In 1975, the commission also formed a critique group and carried out case studies on five geographic information systems in North America—their successes and failures—with the support of UNESCO, which published the work as a text in its Natural Resource Research Series in 1975. The IGU was also invited to review the work of the USGS. This was a two-year study and produced a seminal report in 1976 that alerted the major agency that it was committed to the digital age but was woefully unprepared to undertake commitments that it had already made. Also, for the first time, the IGU provided significant input to the work of the Committee on Data for Science and Technology of the International Council of Scientific Unions.

In the late 1970s, the IGU undertook an inventory of all computer software for spatial data handling, funded by the Resource and Land Inventory Program and the Geography Program of the U.S. Department of the Interior and directed by the renowned Dr. Duane Marble. This work represented the most comprehensive review of software for spatial data handling undertaken to that date, describing more than 600 systems and software programs worldwide. The resulting three-volume reference text was published by USGS in 1980 and made available at no cost to scientists worldwide. The commission also held interdisciplinary meetings in 1977 and 1978 to examine the methodological problems inherent in the future storage of large amounts of spatial data. These were held in Ottawa and Toronto, Canada, and Buffalo, New York. The IGU also contributed to the NASA meeting on Landsat data and geographic information systems in 1977. Under the leadership of Dieter Steiner, it provided a three-week workshop in Nigeria on remote-sensing methods for regional and national planning in July 1978, funded by the Canadian International Development Agency and UNESCO. The working materials for this workshop included a three-volume text on the recent applications of remote-sensing technology for use by the commission.

From 1980 to 1988, the work of the Commission on Geographical Data Sensing and Processing was led by Marble.
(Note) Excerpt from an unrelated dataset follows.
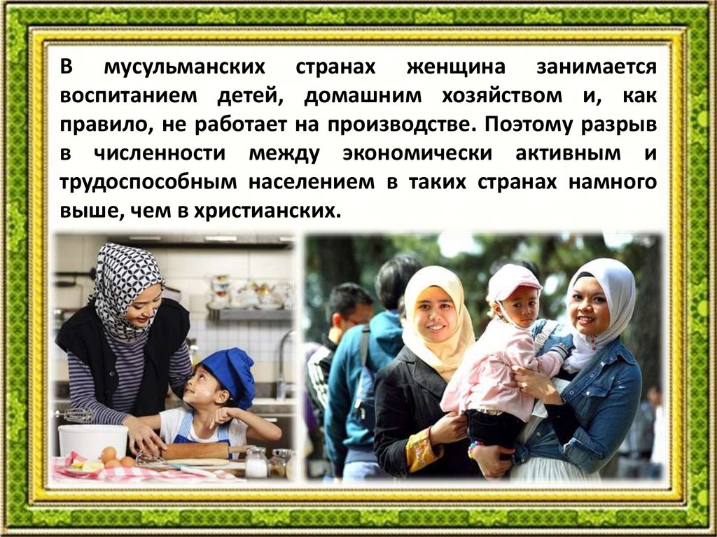 В мусульманских странах женщина занимаетсявоспитанием детей, домашним хозяйством и, как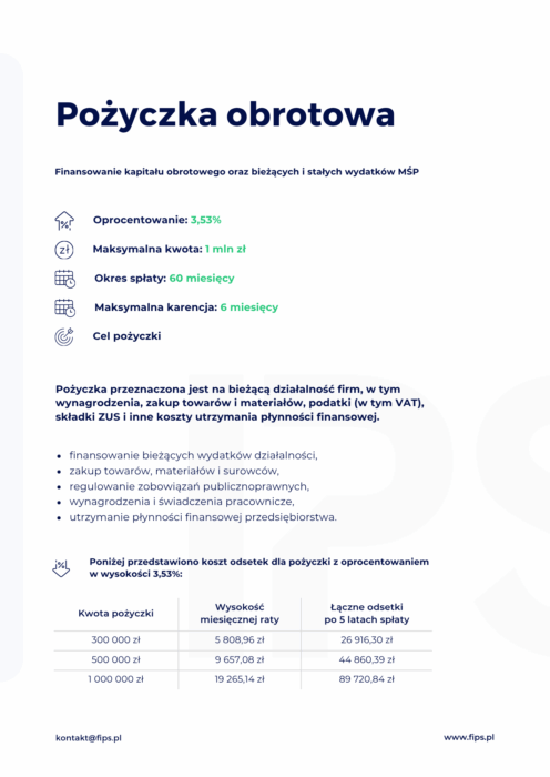 Pożyczka przeznaczona jest na bieżącą działalność firm, w tym wynagrodzenia, zakup towarów i materiałów, podatki (w tym VAT), składki ZUS i inne koszty utrzymania płynności finansowej:

The activity concentrated principally on specialist meetings addressing major scientific concerns in the development of GIS. In 1988, the commission was renamed the Commission on Geographic Information Systems under the chairmanship of professor Sachio Kubo from Japan.
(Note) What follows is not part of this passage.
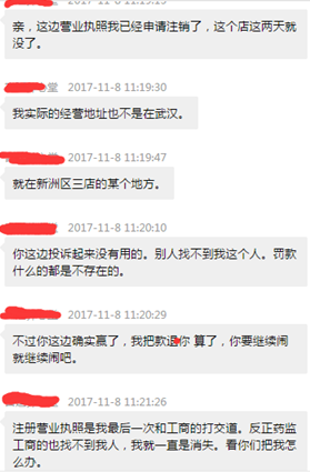 有職業(yè)打假人跟了某些假貨店一個(gè)多月之久,各種投訴材料、假貨證據(jù)都收集好了,但是店主卻忽然跑路了,還對(duì)職業(yè)打假人發(fā)來(lái)一堆冷嘲熱諷的信息。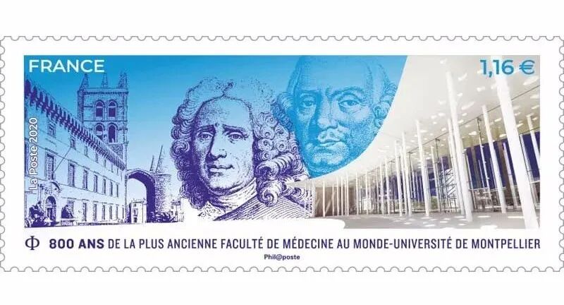 2020年6月15日,法国邮政为蒙彼利埃大学医学院建院800周年发行一枚纪念邮票。蒙彼利埃大学成立于1289年,是世界上最古老的大学之一。1220年,这里创办了慈善性医学机构——蒙彼利埃医学院,这是法国最早的医科学校,也是蒙彼利埃大学的前身。

In all, the IGU carried out supervision of $1.5 million in grants and contracts between 1968 and 1980. The communication foundation had been laid, academic geographers were increasingly receiving recognition for their work, regularly published journals were becoming available, and GIS conferences worldwide provided a necessary continuation of the work begun by the International Geographical Union. In short, the IGU was the organization that nourished the growth of GIS and let it be a coherent part of geography for the benefit of the discipline as a whole.
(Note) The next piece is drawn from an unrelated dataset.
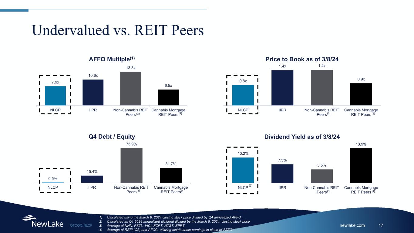 newlake.comOTCQX: NLCP 16 Financial Overview Shareholder Equity $405 Million Invested & Committed Capital $428 Million Cash $26 Million Debt1 $2 Million Market Capitalization2 $330 Million Stock Price2 $16.10 Dividend Yield3 10.2% Common Shares Outstanding 20,503,520 Book Value per share $19.73 1Q24 Annualized Dividend4 $1.64 Target AFFO Payout Ratio 80% - 90% 4Q23 Revenue Annualized5 $50.0 Million G&A Expense Ratio Annualized6 1.3% Key Data Dividend Growth per Share Note: Data is as of December 31, 2023, unless otherwise noted 1 Debt is comprised of Note payable of $1.0 million at 4.0% and $1.0 million on the revolving credit facility at 5.65%. 2 Based on the March 8, 2024, closing price. 3 Calculated as Q1 2024 annualized dividend divided by the March 8, 2024, closing stock price. 4 Annualized based on Q1 2024 dividend of $0.41 per common share, declared on March 8, 2024. 5 Annualized revenue is calculated using actual revenue for the three months ended December 31, 2023, excluding non-cash rental income-other of $522 thousand. 6 Calculated using annualized General and Administrative Expense, excluding stock-based compensation, for the three months ending December 31, 2023, over Total Assets as of December 31, 2023. $0.41 $0.40 $0.39 $0.39 $0.39 $0.39 $0.37 $0.35 $0.33 $0.31 1Q24 4Q23 3Q23 2Q23 1Q23 4Q22 3Q22 2Q22 1Q22 4Q21

Generous contributions to this paper were made by Dr. David Maguire and Dr. Duane Marble. The author also wishes to thank John Calkins and Jay Loteria for graphic assistance.

About the Author

Dr. Roger F. Tomlinson, CM, is president of Tomlinson Associates Ltd. Consulting Geographers, 17 Kippewa Drive, Ottawa, Ontario K1S 3G3 Canada. He was chairman of the International Geographical Union GIS Commission for 12 years, and he is known as the "father of GIS" as a result of his work in using computers to model land inventories for the Canadian government in the early 1960s. He is the author of many works, including Thinking About GIS, Third Edition, 2007, Esri Press, Redlands, California.